Liam Neeson's scenes co-feature a young boy named Thomas Sangster.  You may remember him from such TV movies as "Hitler: The Rise of Evil."  He played a young Hitler, which always looks good on a resume.  He's a very fine child actor, and he provides many of the movie's best moments.  One might even believe that he got the part due to his acting skills, and the fact that his cousin is Hugh Grant had nothing to do with it.

All of the mini love stories play well, actually, in Love, Actually.  Dare the Masked Reviewer say it...there's something for everyone.  At least, there's something for everyone who likes these kind of date movies.  Everything works, and you'll be interested in how each story turns out.  They didn't resolve all of the loose ends, but they got most of them.  They also didn't do a great job of explaining how all of these people tie together, but for the most part you saw why everyone was in one movie. 

An important note is that Alan Rickman looks better with a beard.  If he has a beard in a film, he'll be good.  He was good in this film, but he didn't have a beard.  If the box office isn't kind to the movie (which seems unlikely), the filmmakers should go back and digitally draw a beard on him.  We have the technology.  We can make him hairier than before.  Hairier...scruffier...fuzzier. 

Another point of interest is that Hugh Grant plays Emma Thompson's big brother.  Perhaps "big brother" in England means "younger", like how they drive on the wrong side of the road or something.  Emma Thompson is actually older than Hugh Grant, but then again, maybe she was acting.

There is a good amount of nudity in this film.  Director Richard Curtis (who wrote Bridget Jones's Diary, Four Weddings and a Funeral, and  Notting Hill) shows great respect for the men who will be forced into seeing this film by throwing in a few bare breasts.  For that, we salute him.

All in all, Love, Actually is sentimental, touching, and sweet.  It's like Parenthood if it were set in England, but before they had kids.  Perhaps it's not that much like Parenthood

If you love Four Weddings and a Funeral, Bridget Jones's Diary, and Notting Hill...well, you're absolutely sure to love Love, Actually.  If you couldn't stand those films, there is a possibility that Love, Actually may still appeal to you on some level, since they tell several different sappy-sweet love stories, and cover a variety of issues.  There's also some nudity.  But unless you hated those other films, there's a good chance that you'll find it enjoyable even if it's not your -- to quote the British -- "cup o' tea."  It's well-acted, nicely paced, and a movie that makes you feel good. 

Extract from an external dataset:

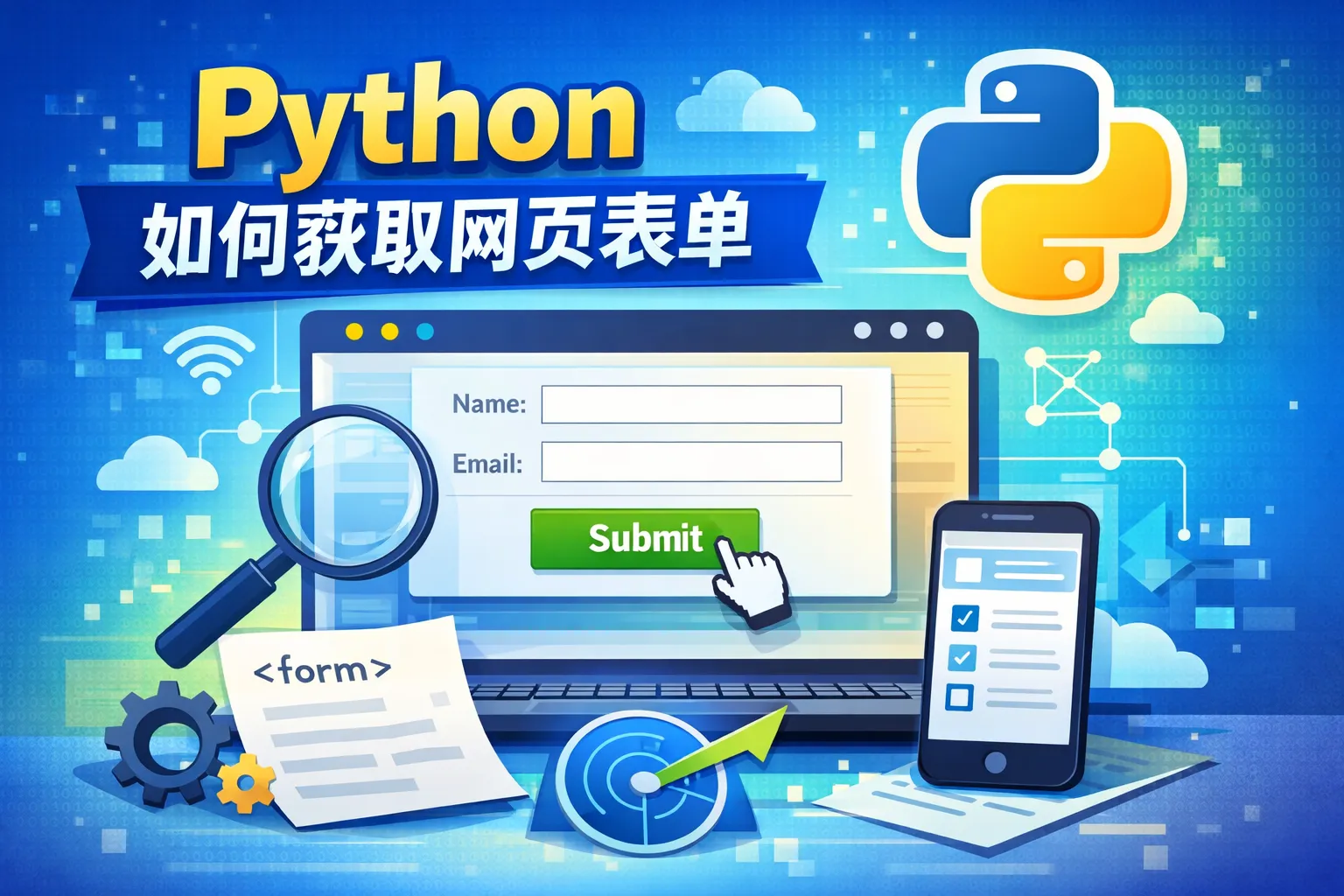 Python中常用的做法是使用requests库获取网页HTML内容,然后借助BeautifulSoup库分析HTML结构并提取表单元素。首先,用requests.get()获取页面源码,再用BeautifulSoup解析,找到

Expectation from the Title: Expectation, indeed.  Title, ambiguous.  Pretentious, somehow. 

Mother's Rule (Always Say Something Good About Everything):  Something for everyone to enjoy: love, heartbreak, romance, passion, flirtation, secret liaisons, and smooching.

The Pros: Cute, sentimental, light, funny at times, well acted.

The Cons: This is like the female-oriented equivalent of the testosterone driven action blockbuster.  It's the estrogen filled tender love story.  Hugh Grant is women's answer to Steven Segal.